In May 1888, Panganiban sailed for Spain and continued his medical studies at the
University of Barcelona, where he met other Filipino students. Drawn to the propaganda
movement, Panganiban quit his dream of becoming a doctor. He joined liberal organizations like
the Asociacion Hispano-Filipino and the La Solidaridad that both of which aimed for reforms in
the Philippines. On April 25, 1889, Panganiban was one of the signers of the petition to the Spanish
Minister of Colonies, requesting for Filipino representation in the Spanish Cortes. While in Spain,
he learned other languages like German, Italian, and French, adding to the Spanish and Latin he
learned during his student days in the seminary of Nueva Caceres. He was able to translate into
Spanish the book of German author Carl Julius Weber entitled: Die Religio und Die Religionen
(Religion and Other Religions).
Using pseudo names like JMP or Jomapa, he wrote the following articles El Pensamiento,
La Universidad de Manila: Su Plan de Estudio, and Los Nuevos Ayuntamientos de Filipinas came
out in different editions of the propaganda newspaper La Solidaridad. In El Pensamiento, he
advocated freedom of the press while in La Universidad, he criticized the educational system
exercised by the Spanish authorities in the Philippines. A versatile writer, he composed poems and
wrote short stories. Among his poems were: Ang Lupang Tinubuan, Noches en Mambulao, Sa
Aking buhay, Bahia de Mambulao, La Mejerde Oro, and Amor mio. His two short stories Clarita
Perez and Kandeng were published in the La Solidaridad after his death.
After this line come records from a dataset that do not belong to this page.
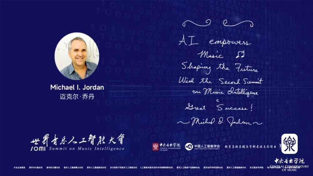 开幕前夕,国际著名人工智能学者,美国科学院、工程院、艺术与科学院三院院士Michael l. Jordan先生祝贺大会:AI empowers music. Shaping the future. Wish the Second Summit on Music Intelligence great success!(人工智能为音乐赋能,塑造未来。预祝第二届世界音乐人工智能大会圆满成功!)
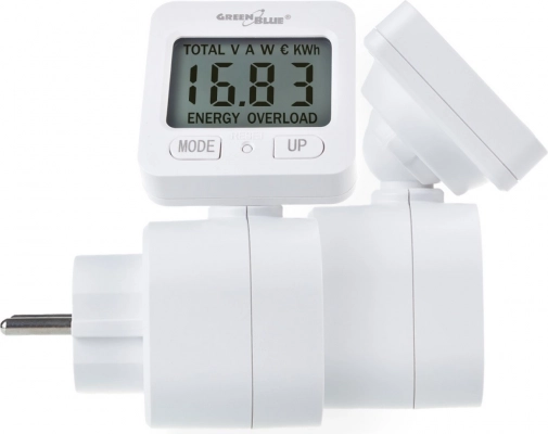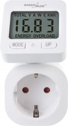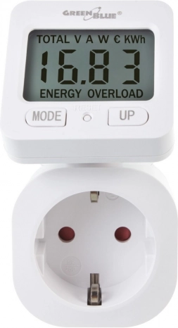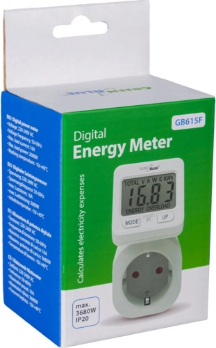 Mjerač energije GREENBLUE GB615 F precizno prikazuje napon, struju, snagu (W) te ukupnu potrošnju (kWh) i procjenu troškova. Zahvaljujući tome lako ćete identificirati neefikasne uređaje i odmah smanjiti račune za struju i ugljični otisak.
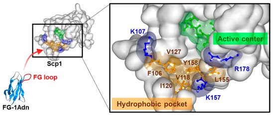 In this study, we constructed a phage library containing the antibody-mimetic protein adnectin and identified Scp1-specific binding molecules using the library. In the adnectin-derived phage library, the FG loop of adnectin contained randomized amino acid residues, and this loop is known to contribute the most to sequence tolerance and binding to the target molecule [40,49]. Biopanning revealed that the FG loop peptide sequence from FG-1Adn, which was detected at the highest frequency when Scp1 bound to adnectin, showed the highest binding ability to Scp1. Ala scanning analysis of the heptad peptide (Phe1-Val2-Phe3-Gly4-Pro5-Asp6-Ala7) derived from the FG loop of FG-1Adn showed that Phe1-Val2-Phe3 and Pro5 play important roles in Scp1 binding (Figure 4a). CTDpS5-containing peptide (Tyr1-Ser2-Pro3-Thr4-pSer5-Pro6-Ser7) derived from RNAPII, known as an Scp1 substrate, has been reported to bind to the groove of the Scp1 active site through its Ser2-Pro3-Thr4-Ser5 residues in the sequence [23]. In particular, the hydrophobic interaction between Pro3 and the Scp1 hydrophobic pocket is important for the binding of CTDpS5 to Scp1. The fact that the Pro3 residues of FG-1Adn were highly conserved, even within the FG loop sequence of the Scp1-binding adnectin candidates identified in this study, also supports the notion that hydrophobic residues, including the Pro3 residues of FG-1, bind to the hydrophobic pocket close to the active center. In addition, the acidic residue Asp6 of FG-1Adn in the C-terminal region of the FG-1 peptide sequence may interact with basic residues located in the substrate-binding pocket of Scp1. Several basic residues were located around the substrate-binding hydrophobic pocket near the active center of Scp1 (Figure 6). These data suggest that electrostatic interactions through residues near these hydrophobic regions may also play important roles in the binding between FG-1Adn and Scp1. In addition, the Lineweaver–Burk plot analysis and the results of the competition study with rabeprazole supported that FG-1Adn binds to the hydrophobic region near the active center. In the Lineweaver–Burk plot analysis, the lines for the addition of different concentrations of FG-1Adn did not intersect on the x-axis but in the second quadrant. These results suggested that FG-1Adn functions as a non-competitive-like inhibitor and that FG-1Adn is an inhibitor with a higher affinity for the enzyme alone than for the substrate-enzyme complex.
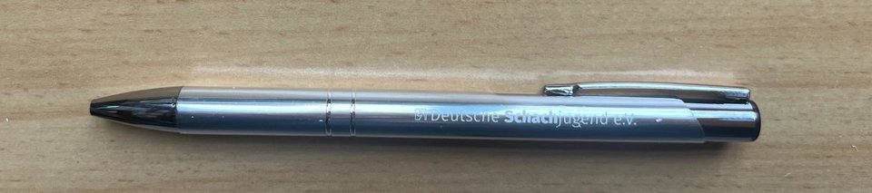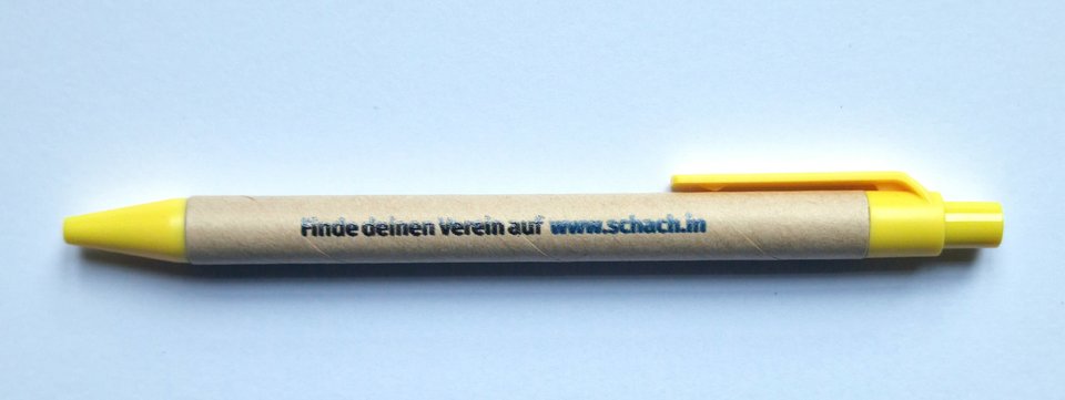 Kugelschreiber mit Schriftzug „#schachFAIRein“.
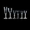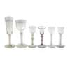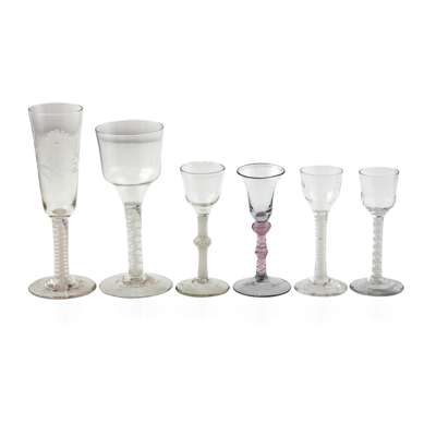 comprising a large funnel-bowled glass engraved with flowers, on a double-twist stem, 22.5cm high; a goblet, on a double-twist stem, 20cm high; a knopped-stem glass, 15.5cm high; two with rib-moulded bowls and double-twist stems, 15cm and 14.5cm high; and a DUTCH RED ENAMEL TWIST WINE GLASS, 15cm high
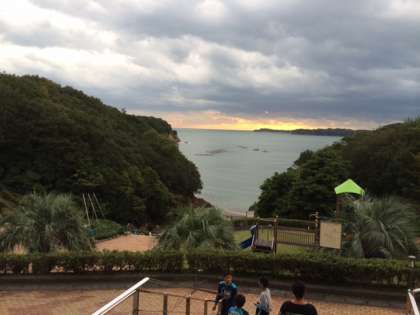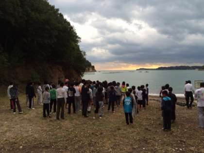 朝からホテル周辺を散策しました。ホテルのプライベートビーチを歩きながら、志摩のリアス式海岸の美しさを堪能しました。水平線の向うに朝日が微妙に見え隠れしていました。さあ、修学旅行2日目の始まりです。
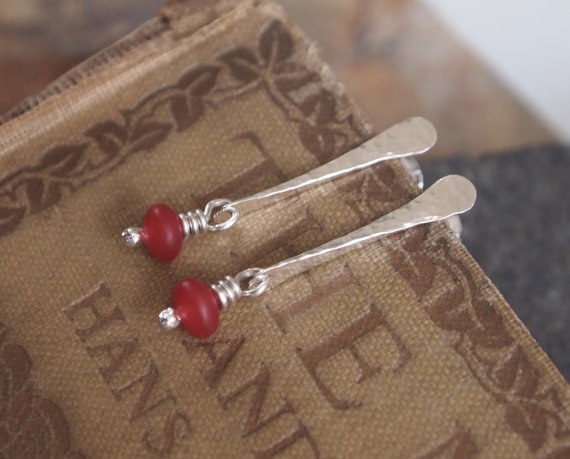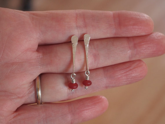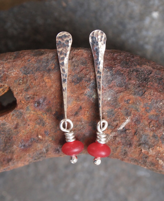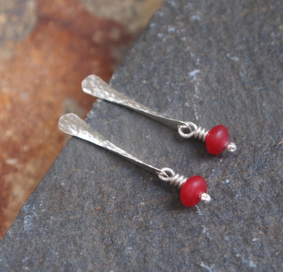 These handmade Argentium silver earrings have a rod of forged silver that has been hammered in different directions to give a bit of twist to the design. The surface of the silver is hammered further to add texture that really sparkles as they catch the light. These earrings have been burnished to a bright shine and finished with a little dangly frosted red jade bead to add a dot of colour.
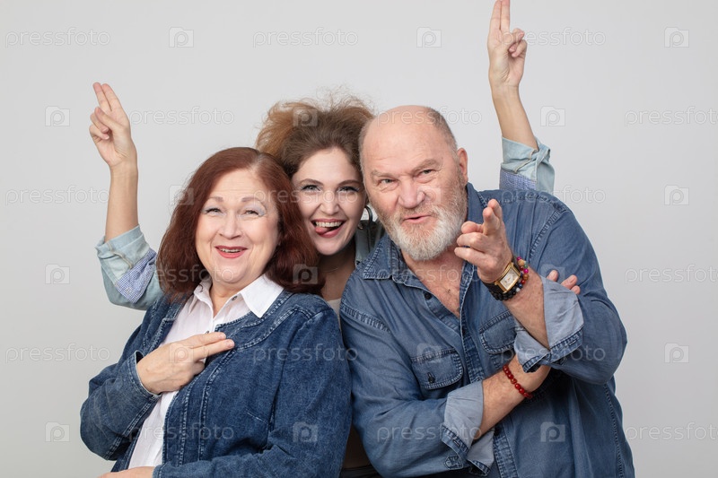 Родители и взрослая дочь. красивая пожилая пара и молодая девушка обнимаются, веселятся и делают мимику перед камерой
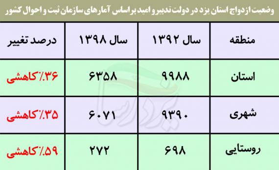 علوی راد با بیان اینکه در مناطق روستایی نیز تعداد سالانه ازدواجها از ۶۹۸ ازدواج در سال ۱۳۹۲ با کاهش ۵۹ درصدی به ۲۷۸ ازدواج در سال ۱۳۹۸ رسیده است عنوان کرد: بررسی های نگارنده نشان می دهد در دوره ۷ ساله دولت روحانی، کاهش ازدواج در مناطق شهری و روستایی استان یزد نسبت به متوسط کل کشور بیشتر بوده است.
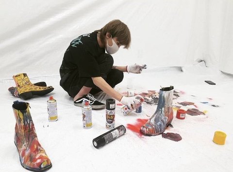 지디가 직접 디자인했고 신을때마다 크랙이 긁혀서 검은색 표피 안에 있는 색깔이 나오는게 특징
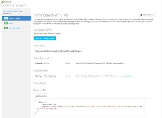 - <h2>Bing News Search API</h2>
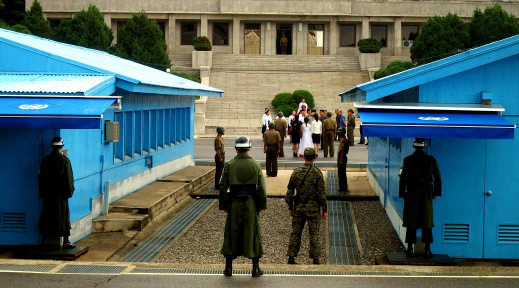As I look on to the thin stretch of elevated concrete, that crucial marker that keeps the peace for one of the most volatile feuds still existing in the world, flimsy is the word that comes to mind. It almost beckons you to at least try to violate it. Well, I say almost, if not for the stern-faced soldiers gravely guarding the demarcation line. They are staggered all over the Joint Security Area (JSA), one of the few things which North Korea and South Korea both agreed to share. Tension hangs thick in the air; the soldiers breathe this in all-day.
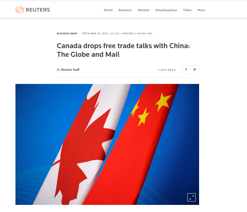 原标题:加媒:加拿大已放弃4年前启动的中加自由贸易协议谈判
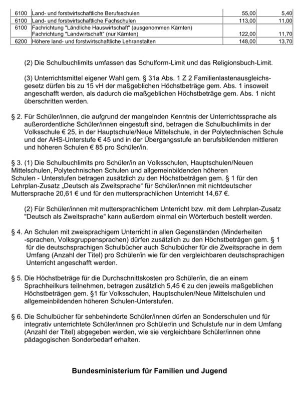 Die jährlich erstellte Limit-Verordnung des Bundesministeriums für Familie und Jugend regelt, bis zu welchen Höchstgrenzen Schulbücher für SchülerInnen je nach Schulform angeschafft werden dürfen. Auch auf besondere Bedürfnisse spezieller SchülerInnengruppen wird in der Verordnung Rücksicht genommen. So gibt es beispielsweise für SchülerInnen mit Förderbedarf in Deutsch, mit Sehbehinderungen oder sonderpädagogischem Förderbedarf zusätzliche Mittel.
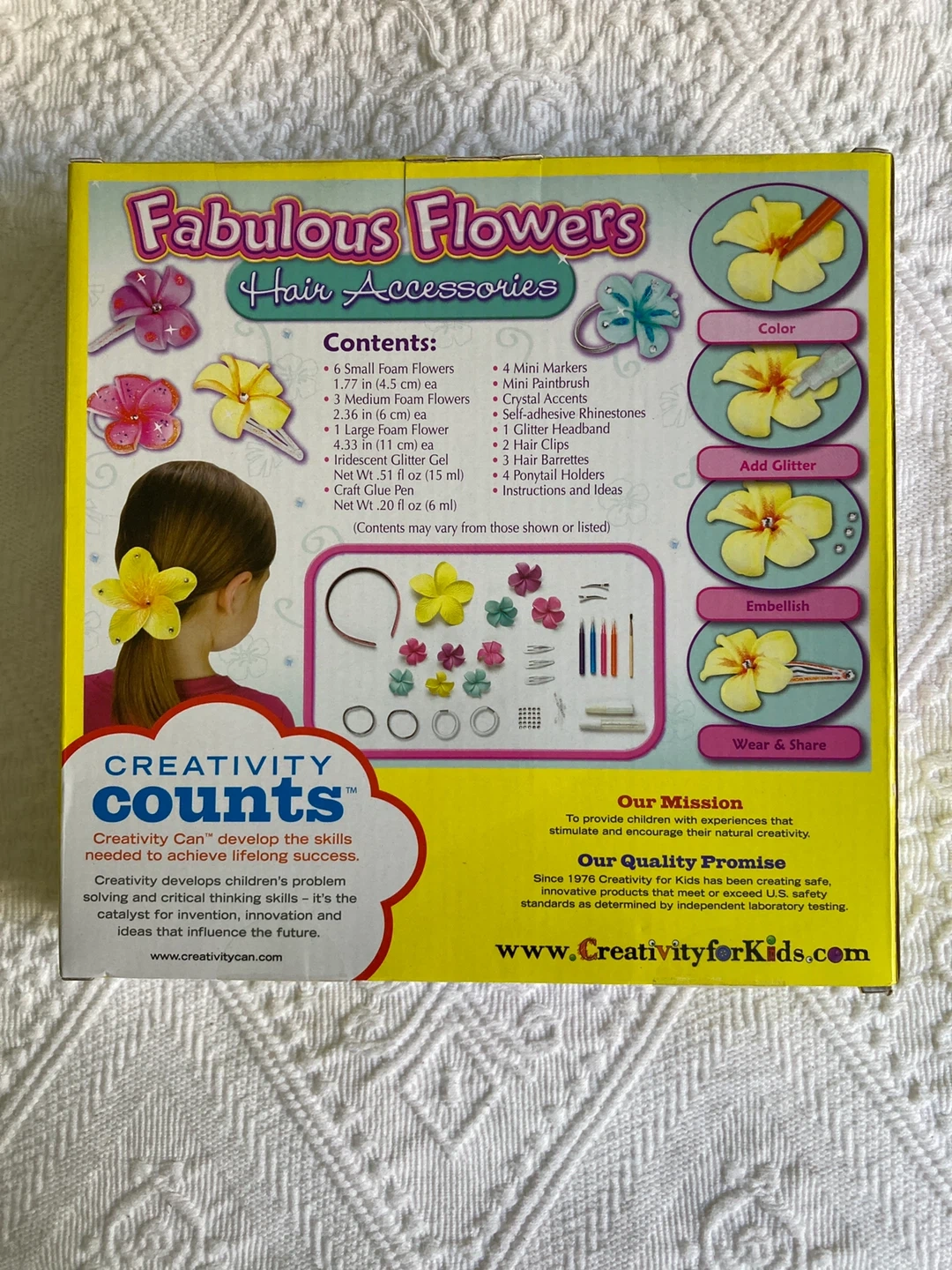 Get creative with this Creativity for Kids Fabulous Flowers Hair Accessories kit! Everything you need to create and decorate 10 hair accessories is included. It comes with:
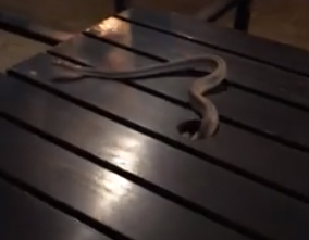 Una joven sanjuanina compartió en las redes sociales su sorpresa y espanto después de haber encontrado en un bar de Capital una víbora de  gran tamaño sobre la mesa.
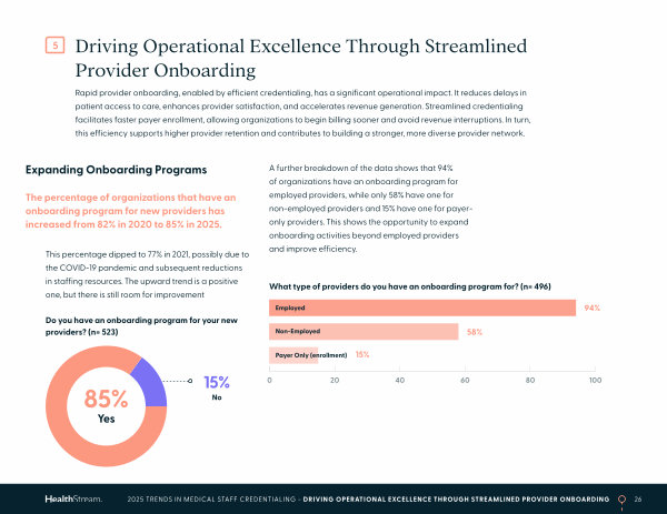 A further breakdown of the data shows that 94 % of organizations have an onboarding program for employed providers, while only 58 % have one for non-employed providers and 15 % have one for payeronly providers. This shows the opportunity to expand onboarding activities beyond employed providers and improve efficiency.

Panganiban worked hard in the Propaganda Movement even after contracting
tuberculosis. With his meager allowance, he worked in the midst of hunger and sickness. On July
5, 1899, he wrote to Jose Rizal urging the latter to carry on the work they started saying: “Whatever
we have already started should be pushed through even at the sacrifice of our lives, our honor, and
fortunes.” He wished that he had the same strength as before so that he could work with his
compatriots to the end.
On August 19, 1890, death came to him in his boarding house at No. 2 Rambla de
Canaletas, Barcelona. He was buried in grave No. 2043 of the Southwest Cemetery of Barcelona.
Dr. Domingo Abella, a historian, did a great service to this nation by locating the remains of his
province mate in Spain and in bringing them back to the Philippines.
The Filipino propagandists in Europe mourned Panganiban’s death. Rizal saluted him as
an “excellent companion of labor and difficulty…endowed with uncommon talent, with privileged
intelligence, and with indefatigable industry, was one of the sacred, legitimate hopes of his
unfortunate country.”

Manuel, E. Arsenio. Dictionary of Philippine Biography Volume 1. QC. Filipinos, 1955.
Quirino, Carlos. Who’s who in Philippine History. Manila: Tahanan Books, 1995.
Zaide, Gregorio F. Great Filipinos in History. Manila: Verde Bookstore, 1970.